Many other countries are light years ahead of America in this. Read the United Nations Rights of the Child – an international treaty that the US has not ratified. Why? baby trade, that’s why.
It is not only the adoptive parents that want to hear only happy adoption stories, it is also natural parents who want to believe that adoption was good to the child they lost. It is the hope that the lost child “had a good life” that clouds the reality when the cold hard facts are laid bare to reveal the not-so-good-and-perhaps-unsavory-realities of adoption in a closed system. Life is a progression of ups and downs. Some of us have more trauma to deal with than others.
When we get to the point of telling the truth on documents that prove birth, relinquishment, and adoption, then all the truth is lais bare. No one cacn lie. No one can fake it. Open records mean so much more than access to the “original” birth certificate. We are so used to saying these words because we are forced into it, however, when you look at reality: there is only one, true birth certificate and there is no “original” birth certificate because the second one is a government-imposed legal lie pawned off as true.
I think people who don’t want to hear the unsavory aspects of adoption are afraid of what they might find if they look more closely. They want fairy tales, not reality. I agree with imposter–the right to the documentation of one’s birth is a civil right that belongs to everyone.
Thanks DV for your comments.
Wonderful adoption stories and wonderful adoption lives do not make up for the falsification of birth certificates that occur with every single adoption in the United States. That is a crime against every single adoptee whether there is a happy and wonderful adoption story or not.
As for your second paragraph, wow. Thank you. Understanding and compassion for half orphans and what to do for a family in that situation is the issue. My adoption should never have happened.
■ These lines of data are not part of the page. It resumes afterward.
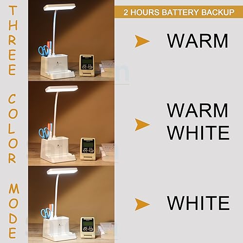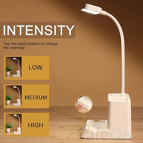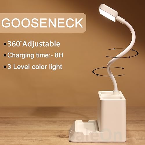Flexible Gooseneck: Easily adjust the lamp’s angle for personalized illumination.Convenient Phone Stand: Keep your device at hand for easy access and hands-free use.Built-in Pen Holder: Stay organized with a dedicated space for your writing essentials.Eye-Caring LED: Enjoy comfortable lighting that minimizes eye strain for enhanced productivity.
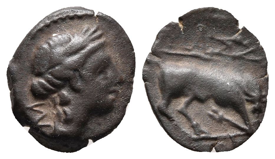 MASSALIA-GALIA. ¿Hemióbolo? 100-170 a.C. Marsella (Francia). A/ Cabeza de Apolo a derecha, detrás M. R/ Toro embistiendo a derecha, MASSA y en exergo SA. LT 1673 var. Ae. 1,42g. MBC+.
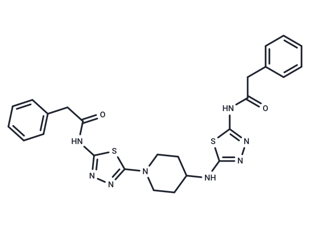 SMILESO=C(Cc1ccccc1)Nc1nnc(NC2CCN(CC2)c2nnc(NC(=O)Cc3ccccc3)s2)s1
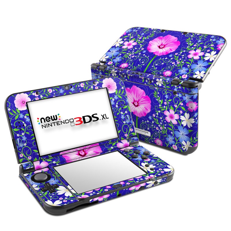 iStyles Nintendo 3DS XL Skin design of Purple, Violet, Flower, Plant, Wildflower, Pattern, Petal, Design, Graphics, Morning glory, with blue, purple, pink, green, white, yellow colors, and tagged with flowers, patterns, floral, flowers, nature.
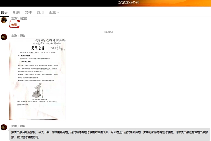 “受低渦影響,17至20日我省將迎來(lái)一場(chǎng)降水,其中榆林南部、延安局部地區(qū)將有短時(shí)暴雨或雷雨大風(fēng),請(qǐng)以上地區(qū)做好防范?!痹陔p龍煤業(yè),一旦有降水預(yù)報(bào),調(diào)度員便第一時(shí)間將預(yù)報(bào)通知到各單位,提醒全礦做好應(yīng)對(duì),以防降雨對(duì)生產(chǎn)帶來(lái)影響。
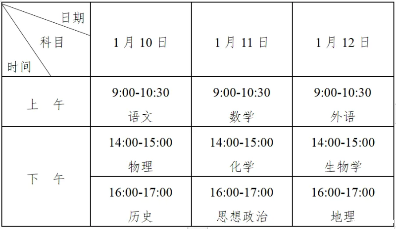 我省2025年普通高中学业水平合格性考试笔试时间为1月10日-1月12日(具体各科目考试时间安排见下表),信息技术和通用技术(合卷)计算机化考试时间为1月13日-1月16日(各地在此考试时段内组织安排考生参加考试)。考生应仔细阅读准考证上的相关信息,提前了解自己所在的考点、考场以及各科目具体考试时间,提前熟悉考点位置(如考点学校有多个校区,要提前了解下自己所在考点在哪个校区),及时关注考试期间天气情况及考点周边交通情况,合理安排出行时间和线路,避免因天气和交通等原因造成延误考试。
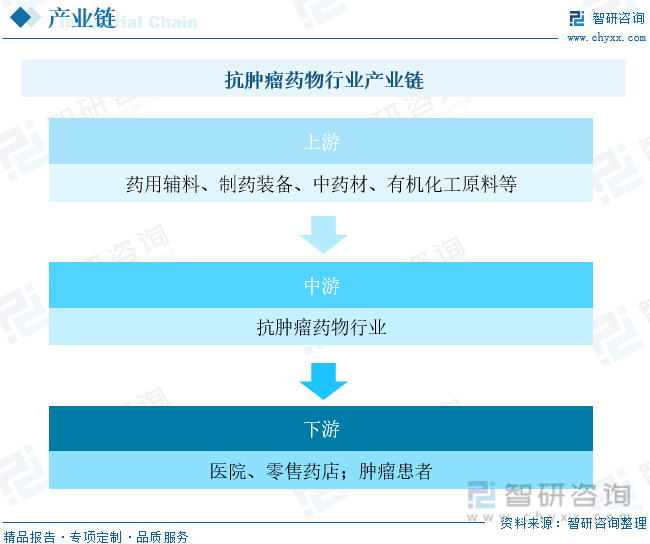 抗肿瘤药物行业的上游主要为有机化工原料、中药材、药用辅料及原材料行业,上游行业的技术水平、供给能力、价格波动对本行业的经营有一定的影响。抗肿瘤药物行业的下游为医院、零售药店和消费者。近年来,国家颁布一系列医疗体制改革措施,逐步完善药品价格形成机制,规范药品流通秩序、减少流通环节,积极稳妥推进公立医院改革,积极探索医药分开、营利性和非营利性分开的有效形式,这些都有效的促进了整个医药市场健康有序的发展,也推动了医药产品市场规模的稳步增长。

To be fair — there were adoptive relatives who warned my adoptive parents to tell me the truth. There were those who fell in the middle and went along with it because it wasn’t their place, or so they felt. This just goes to prove that the behavior of people changes when a child is adopted. Had this been a guradianship or step family with ongoing visitation, none of this would have happened. There is the mentality that adoptees should never be told.
There are alot of people who are NOT adopted who had sh*tty parents and sh*tty childhoods too. And there are people who had wonderful adoption stories. I don’t think one thing necessarily has to do with the other.
The crux of the matter is that all the people involved in your situation were not good human beings. Adoption or not adoption isn’t the issue. If they were good people they would have understood you, desired to help you. THAT is the issue.